**Given data:**
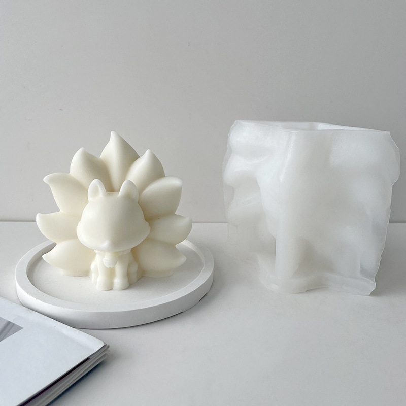 水晶滴ゴム金型立体九尾狐シリコン金型diy九尾狐香薫ろうそく置物金型
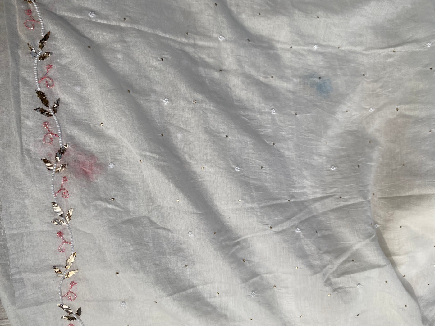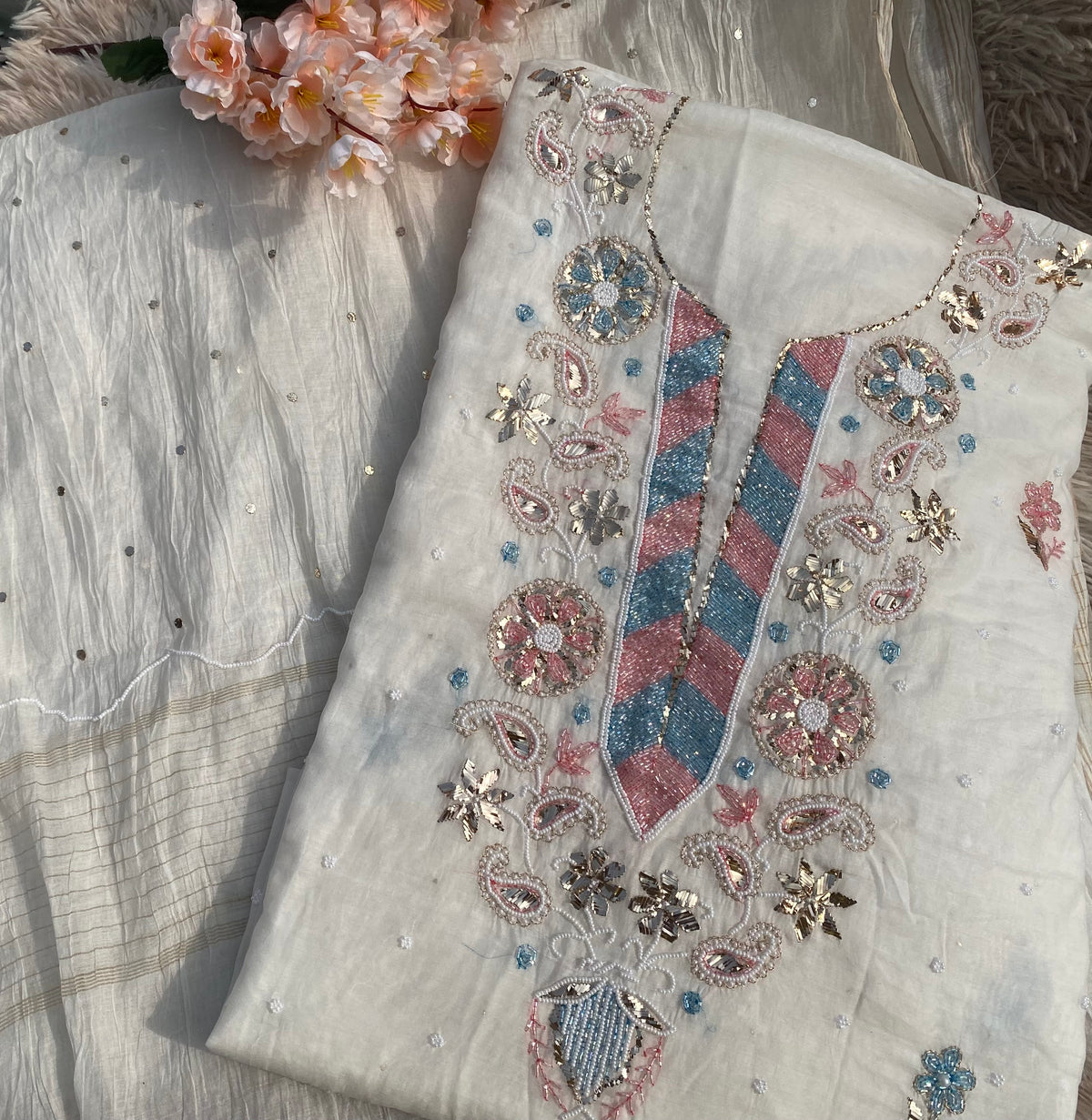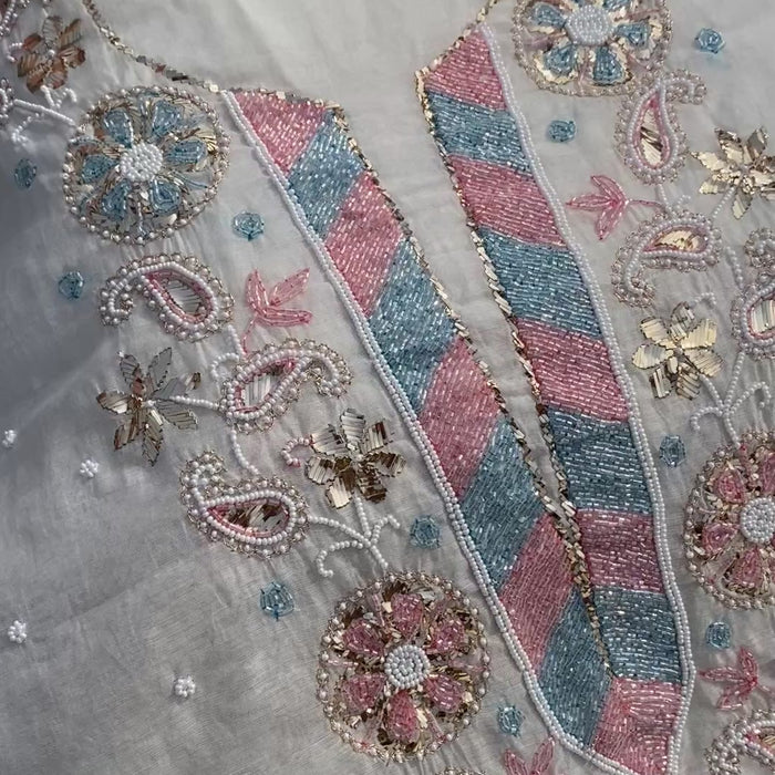 Hand Chikankari with mukaish (metallic dots), cutdana, and bead embroidery, featuring floral and paisley motifs with delicate thread detailing for a rich yet elegant finish.
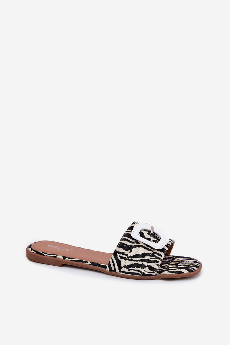 Płaskie Klapki Damskie Z Ozdobną Klamrą Zebra Clariola
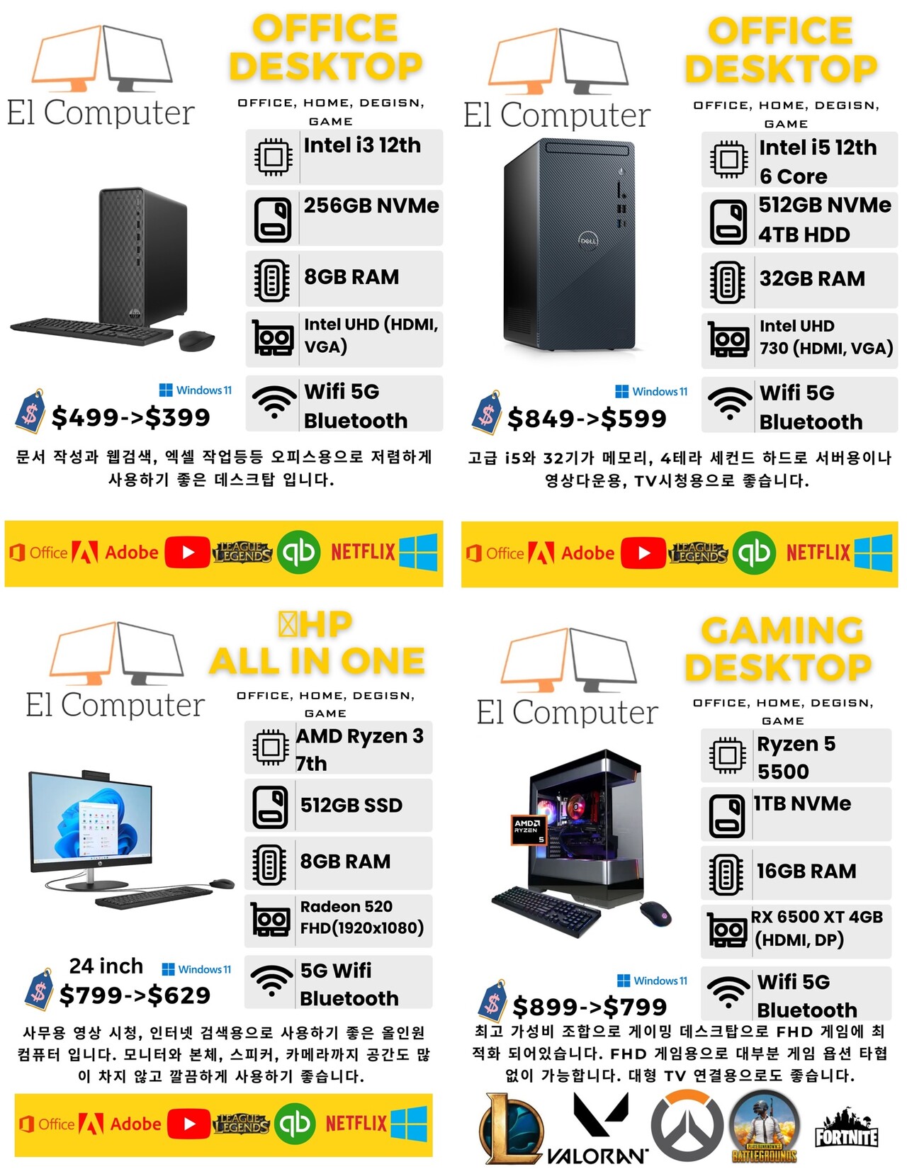 New 검퓨터는 물론, 중고 컴퓨터들(윈도우, 맥)도 좋은 컨디션에 프로그램 설치와 최적화되어서 최저가에 판매합니다. “비즈니스란에 컴엘258”로 검색하셔서 가격링크 비교해보세요.
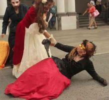 Para animar al público a que participe en las actividades del Tercer Festival de Teatro Coatepec 2025, los organizadores llevaron a cabo un desfile que recorrió las calles del Centro Histórico de la cafetalera ciudad sede.
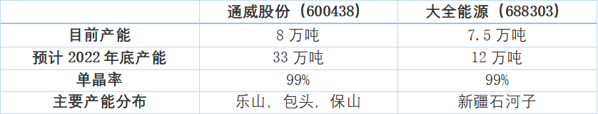 新特能源內(nèi)蒙的10萬噸完全釋放可能要等到2023年,目前單晶占比90%(興業(yè)證券研報)。

**Work to complete:** Write out, exactly and only, the lines from the one containing "New 검퓨터는 물론, 중고" through the last line of the material above. Pictures do not go in the copy.

**Task solution:**
 New 검퓨터는 물론, 중고 컴퓨터들(윈도우, 맥)도 좋은 컨디션에 프로그램 설치와 최적화되어서 최저가에 판매합니다. “비즈니스란에 컴엘258”로 검색하셔서 가격링크 비교해보세요.
 Para animar al público a que participe en las actividades del Tercer Festival de Teatro Coatepec 2025, los organizadores llevaron a cabo un desfile que recorrió las calles del Centro Histórico de la cafetalera ciudad sede.
 新特能源內(nèi)蒙的10萬噸完全釋放可能要等到2023年,目前單晶占比90%(興業(yè)證券研報)。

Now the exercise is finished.